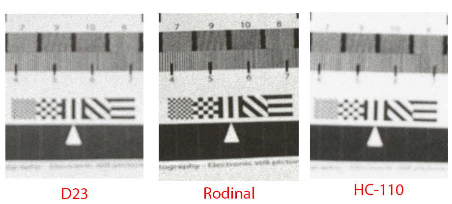 As expected, Rodinal is the grainiest of the three but with this film and enlargement it's only really visible if you look carefully at the test resolution target. Second comes D23, while HC-110 has the finest grain.
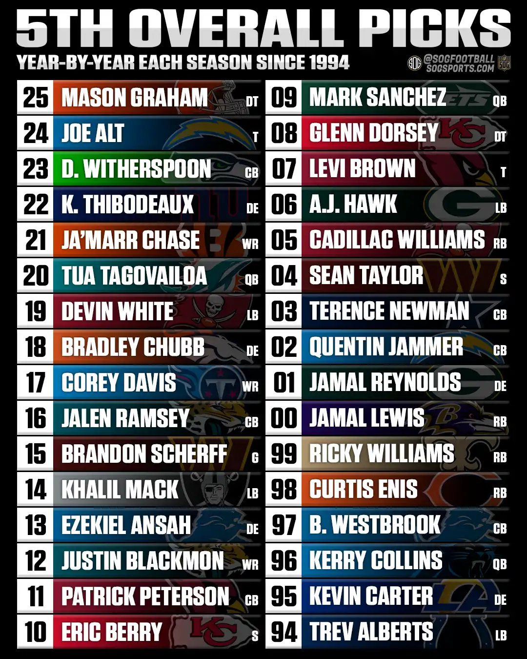 Year-by-year graphic showing every 5th overall NFL Draft pick from 1994 through 2025
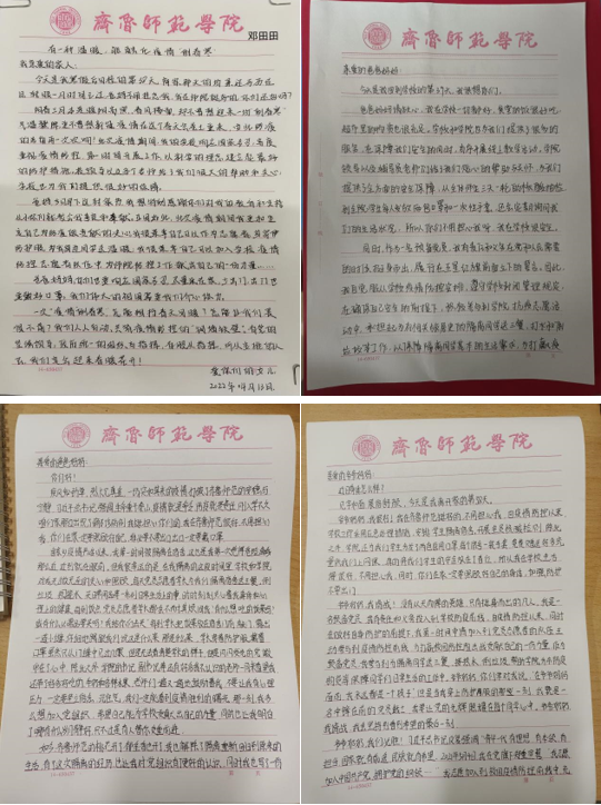 一封封家书寄托着同学们满满的思念,一字一句都在向家长表达着自己对校对家的感情,字里行间表达着自己对党对国的感恩,表达着自己战疫过程中的成长,表达着身为党员的自豪和担当。从“党员突击队”的鲜艳旗帜写到坚守“疫线”的志愿者们,从防护服下辛苦的医务工作者写到在学校连夜值班的辅导员老师,从同学间的相互关爱写到坚守岗位的餐厅的叔叔阿姨们,一笔一划都在让家长安心放心。
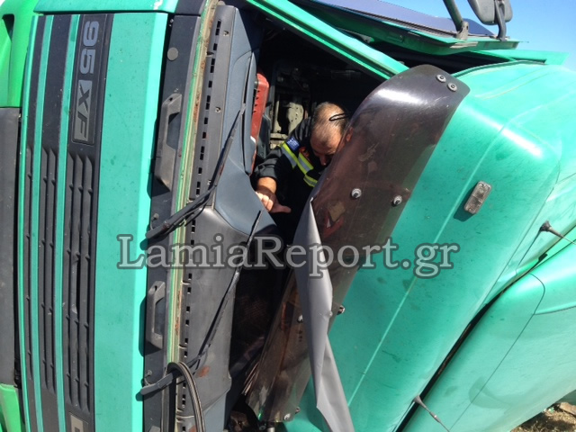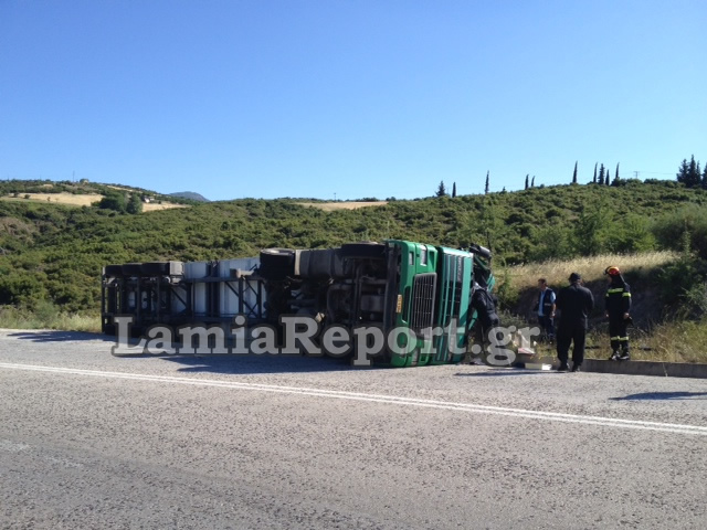 Λίγο μετά τη Λαμία, στο δρόμο προς Δομοκό, δίπλωσε μία νταλίκα και ανετράπη σήμερα ο πρωί, προφανώς λόγω μετατόπισης φορτίου.
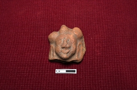 | Description / विवरण | A fragmented terracotta head of a human figurine. It has a headgear on the top of the head. The middle portion is conical, while the rest is rounded. Only the nose and lips are visible. |
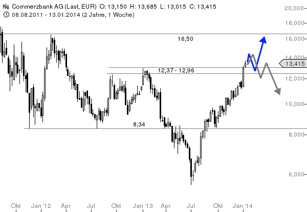 Die 100-Prozent-Marke haben die Aktien von Commerzbank im Zuge der seit Sommer laufenden Rally bereits hinter sich gelassen und damit scheint noch nicht Schluss zu sein. Neben der reinen Performance ist vor allem die Dynamik beeindruckend, mit der die Kurse in den letzten Monaten steigen konnten. Markante Korrekturphasen sucht man innerhalb der Aufwärtsbewegung vergebens und selbst Widerstände wie der Bereich um 12,37 – 12,96 Euro stellten für die Käufer keine Probleme dar. Nachdem nun durch die gestrigen Kursgewinne auch diese Hürde überwunden scheint, könnte es in den nächsten Wochen weiter aufwärts in Richtung 16,50 Euro gehen.
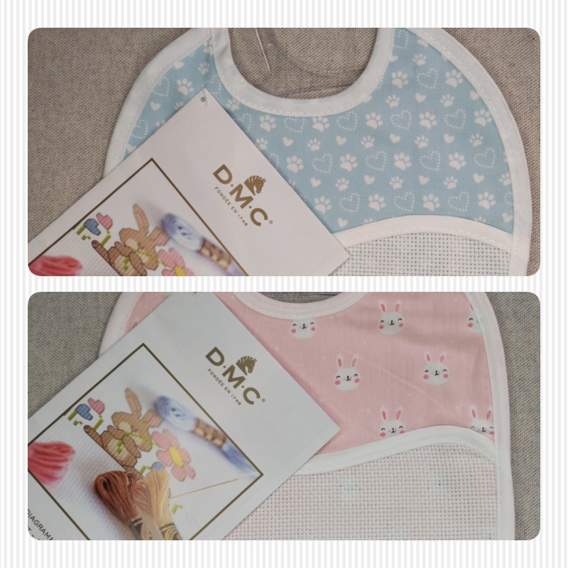 Dois babetes para bebé azul claro e rosa claro com padrões e embalagem DMC
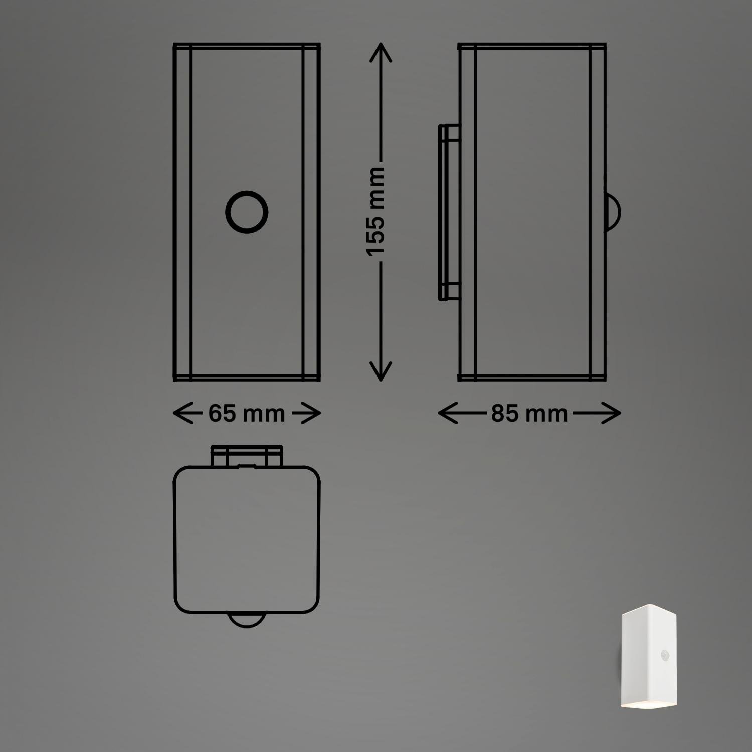 Vynikněte na své terase, balkonu nebo u vchodu s elegantním LED venkovním nástěnným svítidlem BRILONER Kuni. Toto svítidlo spojuje stylový minimalistický design s pokročilými funkcemi pro maximální pohodlí a úsporu energie. Bílá matná barva a kompaktní rozměry (15,5 × 6,5 × 8,5 cm) zaručují, že se svítidlo stane nenápadným, ale efektivním doplňkem každé fasády.
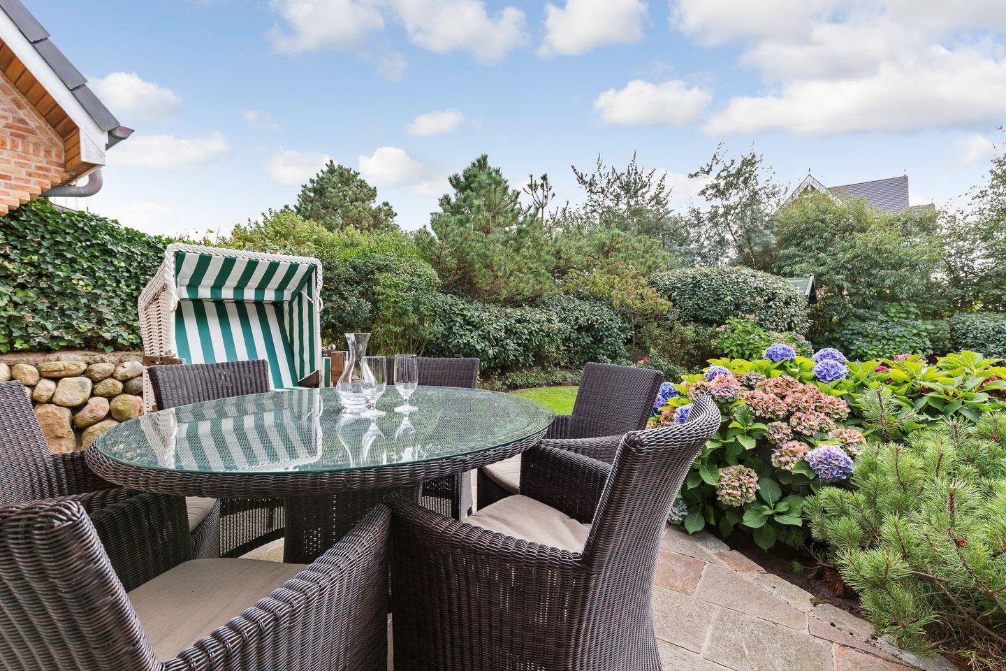 Das „Klingler`s Hüs“ befindet sich in Bestlage zwischen Dünen und Dorfteich. Das Appartement 1 bietet Ihnen ein traumhaftes Südgrundstück mit eigenem Garten und Gartenhäuschen. Hier können Sie laue Sommerabende genießen oder Ihr Urlaubsfrühstück draußen zu sich nehmen.
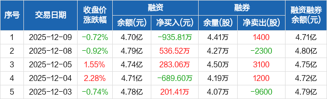 爱柯迪:融资净偿还935.81万元,融资余额4.7亿元(12-09)

****

→ **What you have to do**:
The final stretch of the data, from the line with "Vynikněte na své" through its last line, is to be retyped exactly; pictures are not part of the copy.

→ **Answer box**:
 Vynikněte na své terase, balkonu nebo u vchodu s elegantním LED venkovním nástěnným svítidlem BRILONER Kuni. Toto svítidlo spojuje stylový minimalistický design s pokročilými funkcemi pro maximální pohodlí a úsporu energie. Bílá matná barva a kompaktní rozměry (15,5 × 6,5 × 8,5 cm) zaručují, že se svítidlo stane nenápadným, ale efektivním doplňkem každé fasády.
 Das „Klingler`s Hüs“ befindet sich in Bestlage zwischen Dünen und Dorfteich. Das Appartement 1 bietet Ihnen ein traumhaftes Südgrundstück mit eigenem Garten und Gartenhäuschen. Hier können Sie laue Sommerabende genießen oder Ihr Urlaubsfrühstück draußen zu sich nehmen.
 爱柯迪:融资净偿还935.81万元,融资余额4.7亿元(12-09)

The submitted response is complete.